As promised, over the next few installments I’d like to make this a guided but highly interactive blog about bringing out the best in you. I am asking for your participation. We’ve established three critical success factors to an effective leader’s lifestyle:

  • Personal well being  – movement, fuel and recovery
  • Interactional excellence – attention, commitment and trust
  • Professional transformation – purpose, growth and service

My plan is to take each CSF separately, spell out what we know to be true – and then solicit your personal examples, best practices and suggestions. Please share freely, specifically and often, consider this a web-based foray into feed-forward!

The first success factor to effective leadership is personal well being; creating and balancing the healthy behavioral habits of movement (exercise), fuel (diet) and recovery (rest). The simple truth here asks the question; if you are eating poorly, sleeping little and exercising not at all – how can you be effective with others? The answer of course is that you can’t. As resilience goes, so goes productivity. Let me give you what we know to be true about movement, fuel and rest:

Movement

1. Break a light sweat everyday – the ad offering unbelievable results in just ‘10 minutes, 3 times a week!’ is just that – unbelievable. We are made to move, and made to burn, every day.

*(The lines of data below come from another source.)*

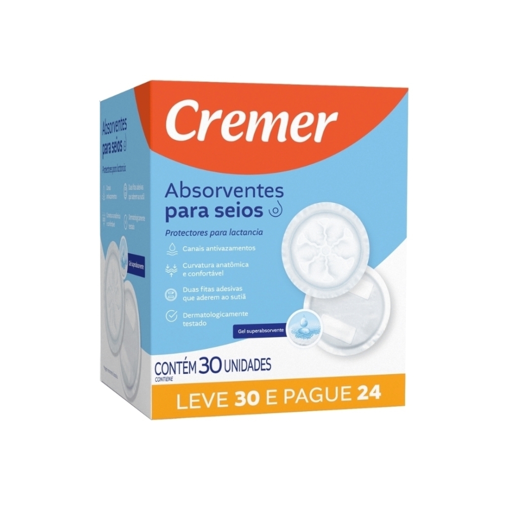 Os Absorventes para Seios Cremer com 30 unidades são ideais para mamães que amamentam e desejam evitar vazamentos com conforto e discrição. Desenvolvidos com gel superabsorvente e canais antivazamentos, mantêm sua pele sempre seca e protegida ao longo do dia.Benefícios e DiferenciaisGel superabsorvente: máxima proteção contra vazamentos.Canais antivazamentos: previnem incidentes para mais tranquilidade.Curvatura anatômica: ajusta-se ao corpo, garantindo discrição e conforto.Fitas adesivas: fixação estável ao sutiã, sem deslocar.Material hipoalergênico: toque suave e seguro para peles sensíveis.Dermatologicamente testado: ideal para uso prolongado sem irritações.Indicação e Público-AlvoIndicado para lactantes que precisam de uma solução prática para absorver o excesso de leite materno e proteger os seios sensibilizados. Ideal para uso em casa, no trabalho ou em passeios.Especificações TécnicasQuantidade: 30 unidades por embalagem.Material: hipoalergênico com gel superabsorvente.Formato: curvatura anatômica para ajuste perfeito.Modo de UsoRetire o absorvente da embalagem.Posicione-o entre o seio e o sutiã, com a parte adesiva voltada para o tecido.Substitua o absorvente após cada mamada ou sempre que necessário para manter o conforto.Cuidados e AdvertênciasProduto de uso único, descarte adequadamente após o uso.Troque o absorvente regularmente para evitar irritações.Compre agora os Absorventes para Seios Cremer 30 Unidades e tenha mais conforto e segurança durante a amamentação. Uma solução prática para cuidar de você e do seu bebê!
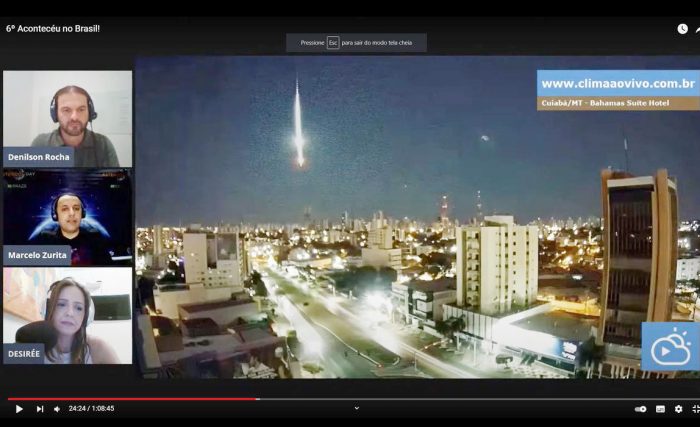 “Então, o meteoro é apenas o fenômeno luminoso, nada mais. Meteoro não é sólido, não é líquido e nem gasoso, é apenas luz. Popularmente, o meteoro é também chamado de estrela cadente”, explica o astrônomo. Especialistas do Clima ao Vivo, Climatempo e Bramon analisam as principais imagens capturadas por câmeras de monitoramento climático e astronômico.
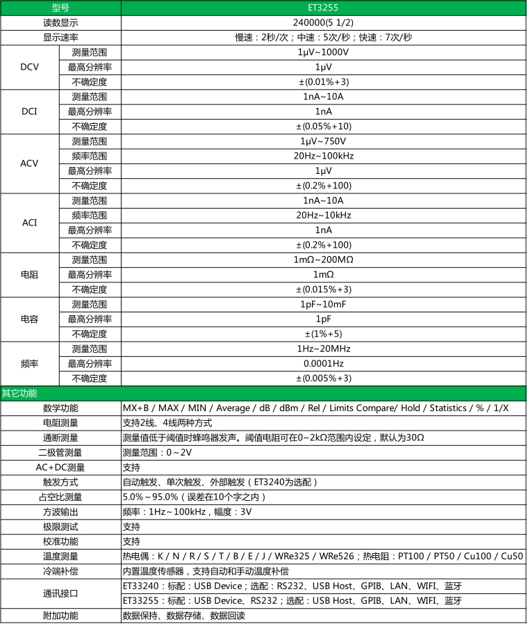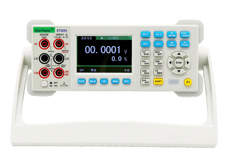 ET3255为功能全面、性能稳定的真有效值数字万用表,本系列台式万用表提供强大功能,出色的性能,良好的用户体验;3.5寸TFT液晶屏显示、读数清晰、内容丰富,具有良好的显示效果。本表采用市供电驱动使之成为高可靠性数字台表。全功能、全量程过载保护和独特的外观设计使之成为电工以及高校实验室的首要之选。 产品特点: ● 采用3.5寸TFT液晶屏显示(分辨率320*480),屏幕亮度可调 ● 中英文语言切换 ● 双参数显示,可显示同一输入信号的两项参数(例如交流电压测量下可同时显示交流电压值和交流频率值) ● 超量程显示:量程的120% ● 测量显示速度可调,分快、中、慢三种; ● 交直流电压、交直流电流、2线/4线电阻测量 ● 直流电流大12A,直流电压大1100V ● 周期、频率测量,频率高值20MHz ● 电容测量,大值10mF ● 真有效值交流电压和交流电流测量,频宽可达100kHz ● 提供自动、外部、单次触发三种触发测量方式 ● 具有AC DC测量 ● 可选择手动或自动量程 ● 具有方波输出和占空比测量功能 ● 设置功能:语言、蜂鸣器、屏幕亮度等可设 ● 12种数学功能:MX B、MAX、MIN、Average、dB、dBm、REL、Hold、%、限值比较、统计、倒数 ● 具有外部校准功能,支持用户自行校准 ● 支持多种传感器:热电偶10种、热电阻4种 ● 支持自定义传感器 ● 图形显示:实时曲线、直方图、条形图等 ● 具有读数保持功能 ● 支持SCPI协议,提供编程文档 ● 数据内存存储功能和读取功能,方便查看数据信息 ● 多种通讯方式:RS232、USB Device、GPIB、USB Host、LAN、WIFI、蓝牙 ● 内置温度传感器进行冷端补偿,支持自动、手动补偿 技术指标:
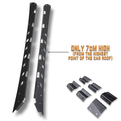 • This rack is only 70mm high, adding to the low profile design and making it one of the lowest platforms on the market, this rack will only increase the height of your car by roughly 6-7cm from the highest point of your roof

2. Movement need not kill – exercise shouldn’t physically beat you down every time you work out. Let it build you up, not wear you down (15-30 minutes is enough).

3. Do what you like – what works for you is repeatable. What’s repeatable becomes habit. What do you enjoy most? If you don’t know, experiment and find out.

Fuel

1. Eat real food – shoot for three ingredients or less in most of what you eat, and beware of sugar (stay under 10 grams per serving).

2. Eat 100% clean 80% of the time – 8 of 10 meals or snacks should be clean and healthy, leaving 2 of 10 for a bit of a treat.

3. Hydration is not hypothetical – if you are thirsty you are already dehydrated. Strive for half your body weight in ounces every day.

Recovery

1. Live by ‘80/20’ – give 80 percent of your attention to movement and fuel, but don’t forget to focus 20 percent on rest.

2. Wake up with the sun – it is said that your hours of sleep before midnight are more important than those after. And naps rock too!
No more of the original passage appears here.